満たされたお腹をさすりながら、きんときを見る。
辛そうだった顔が少しだけ良くなっている気がした。
その顔に安心してホッと息を吐く。
…俺に出来ること言ったら、これくらい。
 
 料理を完食し、お店を出る。
きんときと知り合いらしい店員の2人が店先まで見送ってくれた。
Nakamu君の後ろに隠れて、少し俯いていたもう1人の店員の子が気になったけど、きんときの知り合いなら多分悪い子ではないだろう。
 外から改めて店の外観を見る。
やっぱりお洒落なお店だ。
おまけに料理もコーヒーも美味いときた。
これは大満足の星5だな、と心の中で呟く。
2人にお礼を告げ、店を後にした。
 
 「きんとき、この後どうすんの?」
「俺バイト。
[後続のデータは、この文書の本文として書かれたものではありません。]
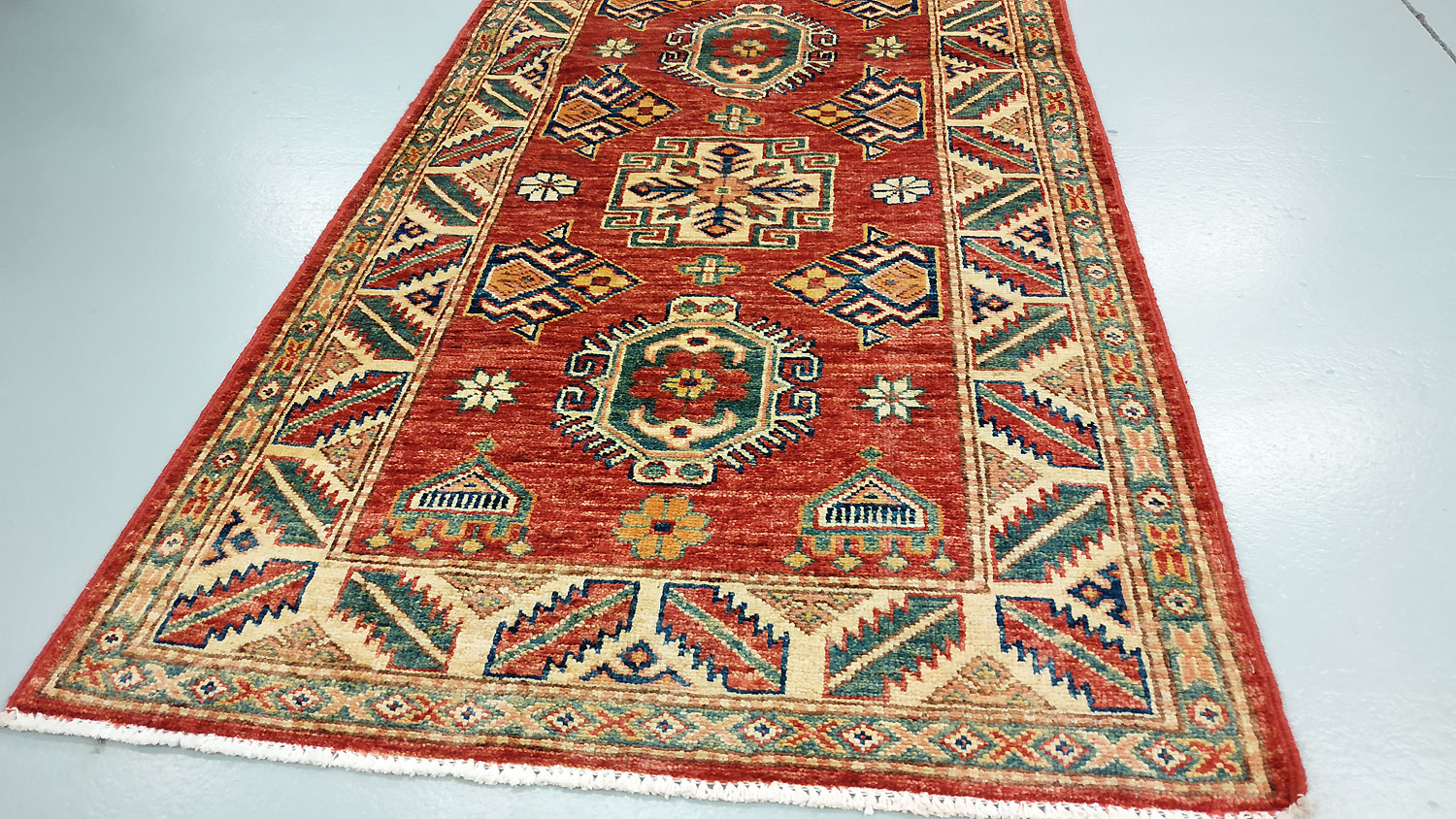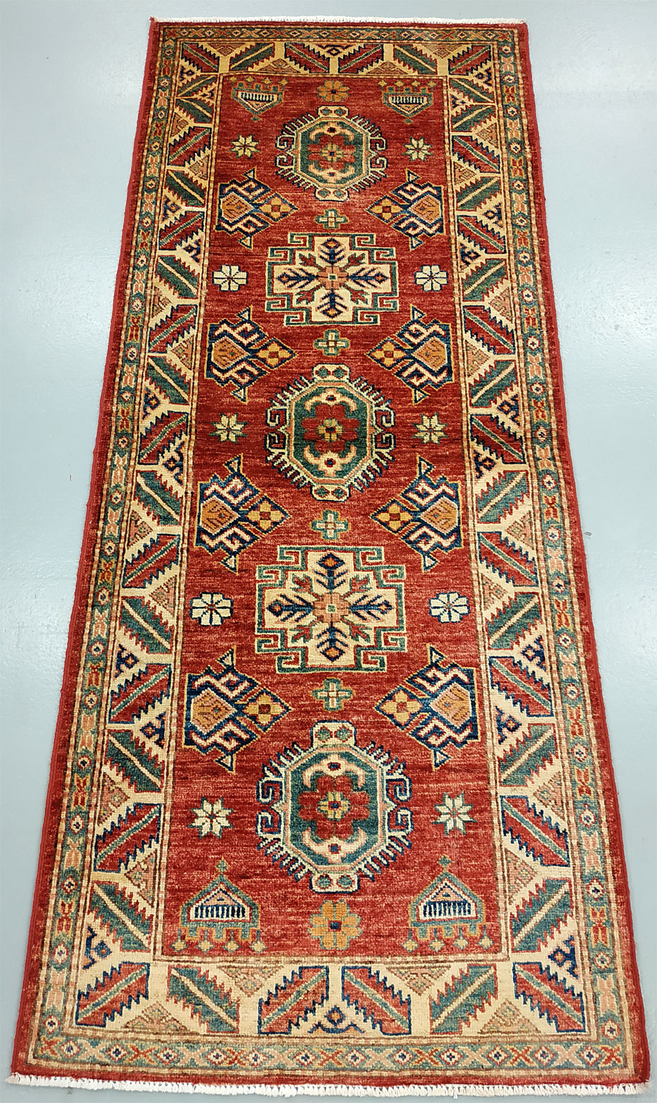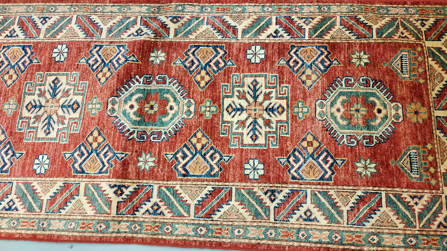 Dimensions : 191 x 77 cm -laine- Pays Afghanistan - Épaisseur : 8 mm - Densité de nouage : 300.000 Nœuds au m² - Surface : 1.47 m² - Poids : 4.41 Kgs - Age : contemporain - Confection : Noué main - Forme : Tapis de couloirs - Type : Tapis Oriental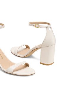 Handcrafted from smooth Spanish leather, Stuart Weitzman's iconic, event-favorite sandal is revamped with a towering block heel, ensuring sure-footed moves from dinner to dance floor. An adjustable ankle strap offers a secure fit every step. 3" heel Adjustable ankle strap with buckle closure Leather upper, lining and sole Made in Spain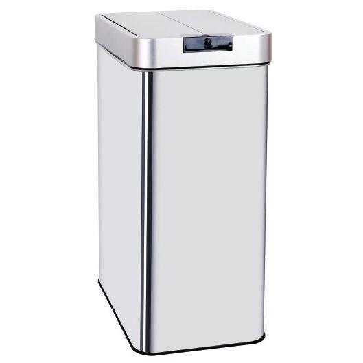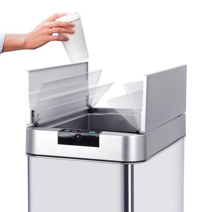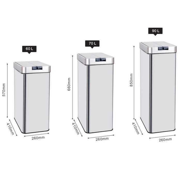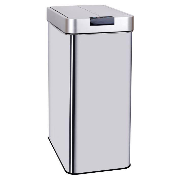 Poubelle de cuisine automatique rectangulaire avec cerclage Capacité 60L modele SILVERLAKE en acier Inoxydable - Finition Inox brossé - Dimension: 41x26xH57cm - Poids 4kg - Poubelle avec couvercle a ouverture automatique mains libres et look moderne et élégant - Corps en INOX (0.4mm) et couvercle en ABS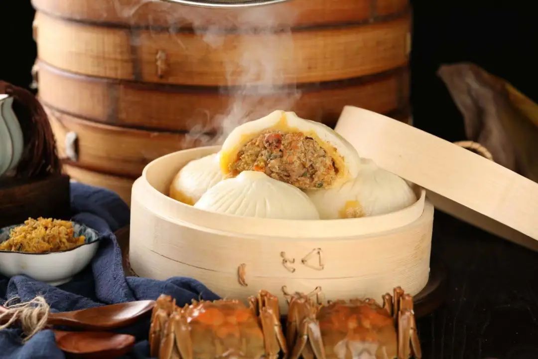 当然少不了大名鼎鼎的经典名点——靖江蟹黄汤包。

」
「お、じゃあ道反対か。」
「そーだね。」
「じゃあね、きんとき。」
「うん、じゃあね。あ、奢ってくれてありがと。また今度お金返す。」
「いいっていいって。」
 律儀なきんときに苦笑しながら、きんときの後ろ姿を見送る。
 「…」
 …きんときとBroooockの関係は日に日に悪くなっていってる。
 俺がなんとかしないといけないのに、きんときの様子は酷くなるばかり。
 どうしたら、きんときを…
 「…?」
 耳に入った音を聞いて、足を止める。
どうやら、この店の路地から聞こえてるみたいだ。
 …これは、話し声?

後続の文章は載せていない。